A powerful application for characterizing human transcriptome variation such as eQTLs and sQTLs is to interpret signals from GWAS studies [2628]. Although GWAS have had great success in identifying numerous disease susceptibility loci, the peak signal SNPs identified by GWAS provided little information about the underlying causal variants or the molecular mechanisms responsible for the observed association [29]. Compelling evidence indicates that a large fraction of the underlying causal variants affect phenotypes via non-coding (for example, influencing gene regulatory processes such as transcription and RNA processing) as opposed to coding (direct amino acid changes) mechanisms [30, 31]. The important role of alternative splicing in shaping the human transcriptome diversity suggests sQTL SNPs may represent the causal variants underlying many observed GWAS signals.
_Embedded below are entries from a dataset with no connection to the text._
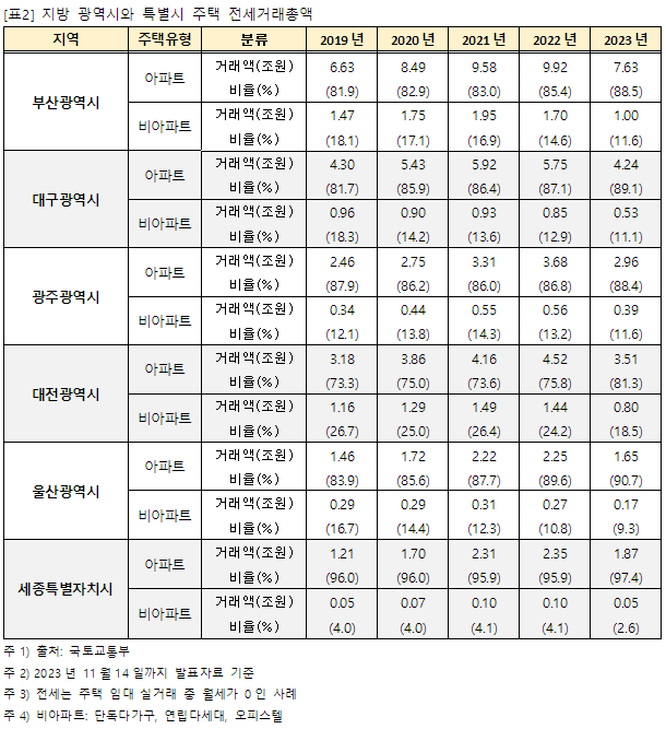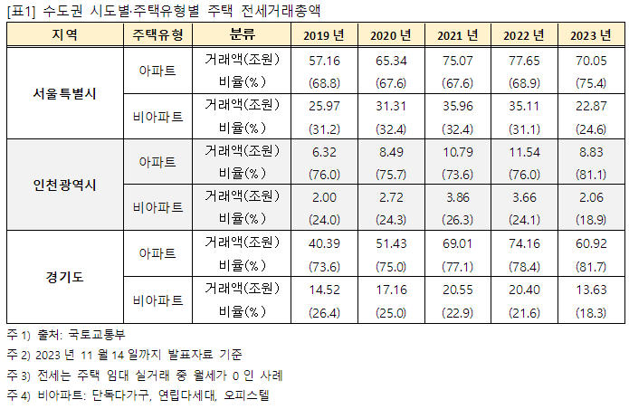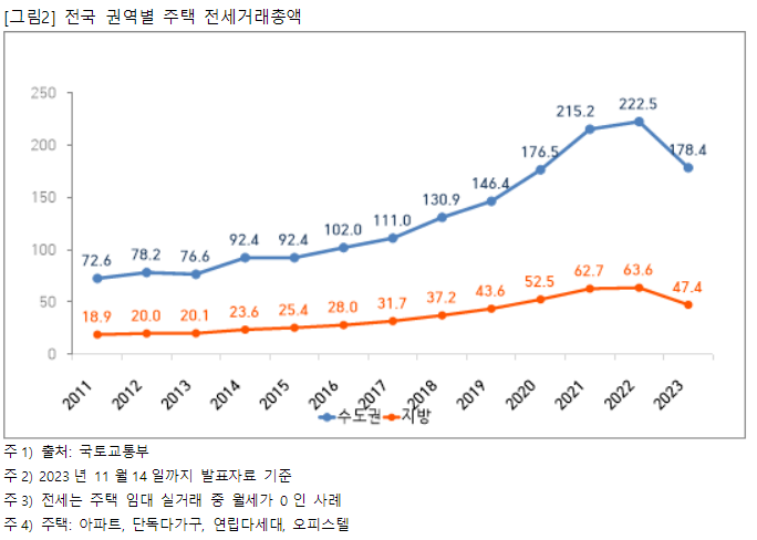 2023년 권역별 주택 전세거래총액은 수도권 178.4조원, 지방 47.4조원으로 조사됐다. 비중은 수도권 79.0%, 지방 21.0%로 나타났다. 지방 주택전세거래총액 비중은 2014년 20.3% 이후 가장 낮은 수치이다. 2022년의 22.2%에 비해 1.2%P 낮아져 "2015년 전년 대비 1.3% 증가한 이후 가장 큰 폭의 변화가 나타났다.
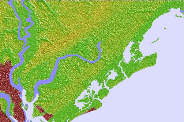 Use this relief map to navigate to tide stations, surf breaks and cities that are in the area of Big Paradise Island, Wando River, South Carolina.
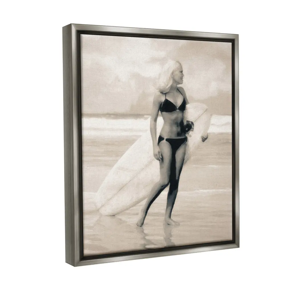 Elevate your home or office to the next level with Stupell Framed Floating Canvas Wall Art. Our premium hand-stretched canvas is mounted securely into a sturdy lightweight frame. The museum-style gap between the wrapped canvas and the box frame gives the illusion of floating artwork. Stupell Wall Art is made in the USA.Features: Dimensions: 17 x 1.7 x 21 Frame, 16 x 1.5 x 20 Canvas ArtFloating Frame Canvas Products are available in sizes 17"x21" and 25"x31". All Floating Frame Canvas Products have a 1.7" Depth.Wall Art is Ready to Hang with Hardware Free Hanging. No Installation required. For Easy Set Up Lean or Layer Artwork on Shelf or Against Wall. Artwork is Permently Fixed into the Frame.Our elevated 1.7" Thick Floating Frame is the perfect complement to our canvas style Wall Art. We use only the highest quality inks in house with industry leading printing solutions. Canvas is hand stretched over a durable wood foundation and then mounted securly into a Modern Box Frame. Made in the USA.Artwork Relates To: Sea, Water, Swimsuit, Sea Waves, Bikini, Person, Woman, Sport, Surfing, Beach, Coast, ShorelineDesign by GraffiTee Studios
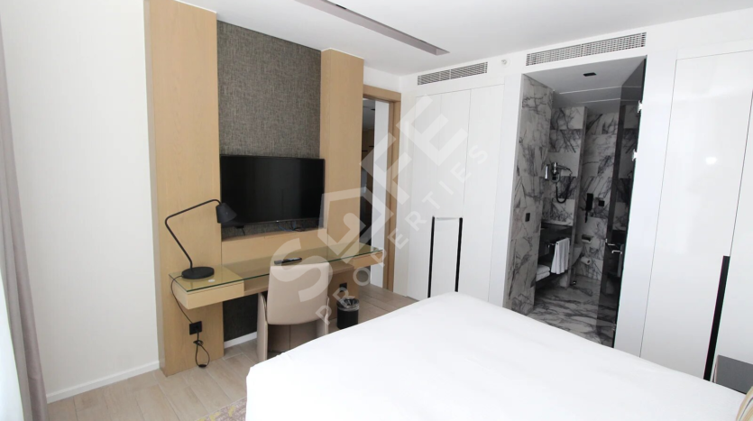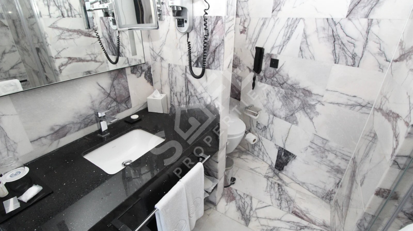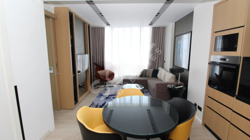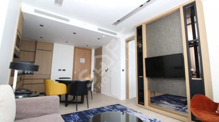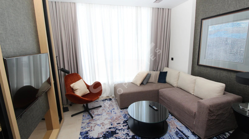 The 1-bedroom apartments for sale are located in G Rotana Hotel, built on a 1,800 m² land. The hotel offers amenities such as CCTV surveillance, a reception area, lobby services, a meeting room, a fitness center, a Turkish bath, a steam room, an outdoor cinema, billiard tables, table tennis, a game room, a terrace with a cafe, a restaurant, a library, a generator, indoor parking, a spa, a pergola, and a panoramic elevator.

Indeed, previous studies of alternative splicing variation using RT-PCR, array, and sequencing based technologies have identified candidate sQTLs linked to GWAS signals [1113, 3236]. We investigated all significant sQTL SNPs (GLiMMPS FDR ≤0.1) in high (r2 >0.8) linkage disequilibrium (LD) with GWAS signal SNPs listed in the Catalog of Published Genome-Wide Association Studies [37] (see Materials and methods). We identified 10 sQTLs strongly linked to GWAS SNPs of human traits or diseases (Table 1). The list include known splicing altering SNPs for CAST, ERAP2, and ATP5SL, as well as novel findings with intriguing biological and medical implications.

Table 1 The list of sQTL signals linked to GWAS signals.

In a previous GWAS study, the SNP rs13160562 near CAST was discovered to be significantly associated with alcohol dependence [38]. However, no functional implication of this SNP was discussed in the original study. Here, GLiMMPS identified this SNP as an sQTL signal SNP in CAST. It is significantly associated with the splicing of CAST exon 13 located 45 kb upstream of the SNP position. It is also in an LD block (r2 = 0.53) with another SNP rs7724759 located in the 5' SS of exon 13, which has been confirmed experimentally to alter the splicing of this exon [11, 24]. Thus, genetic variation of alternative splicing is the likely causal mechanism underlying the reported association of CAST and alcohol dependence. In ERAP2, GLiMMPS identified SNP rs2248374 as an sQTL signal SNP for exon 10. This SNP disrupts the activity of the 5' SS [11]. This sQTL SNP is in high LD (r2 = 0.83) with a GWAS SNP rs2549794, previously identified as significantly associated with Crohn's disease [39]. The skipping of this alternatively spliced exon from ERAP2 introduces a premature stop codon, resulting in nonsense-mediated decay of the exon skipping isoform and a dramatic reduction of overall transcript levels, which subsequently impacts antigen representation [40]. Haplotype analysis of the sQTL SNP and its linked SNPs revealed evidence of strong balancing selection during human evolution [40], suggesting the functional and evolutionary importance of this sQTL. A third example is ATP5SL, identified as a GWAS locus associated with height in multiple populations [41]. The peak signal SNP reported by GWAS is rs17318596 but the mechanism of this SNP was unclear in the original study. GLiMMPS identified a significant sQTL for exon 5 of ATP5SL. The sQTL SNP rs1043413 is strongly linked to the GWAS signal SNP rs17318596 (r2 = 0.84) (Figure S8 in Additional file 1). This sQTL SNP rs1043413 is located in exon 5 and disrupts two exonic splicing enhancers (ESEs) [11]. Together, these data indicate that even at a very modest sequencing depth (28.4-66 million 50 bp single-end reads per individual), GLiMMPS recovered previously reported associations between SNP and splicing that may contribute to phenotypic variation in humans.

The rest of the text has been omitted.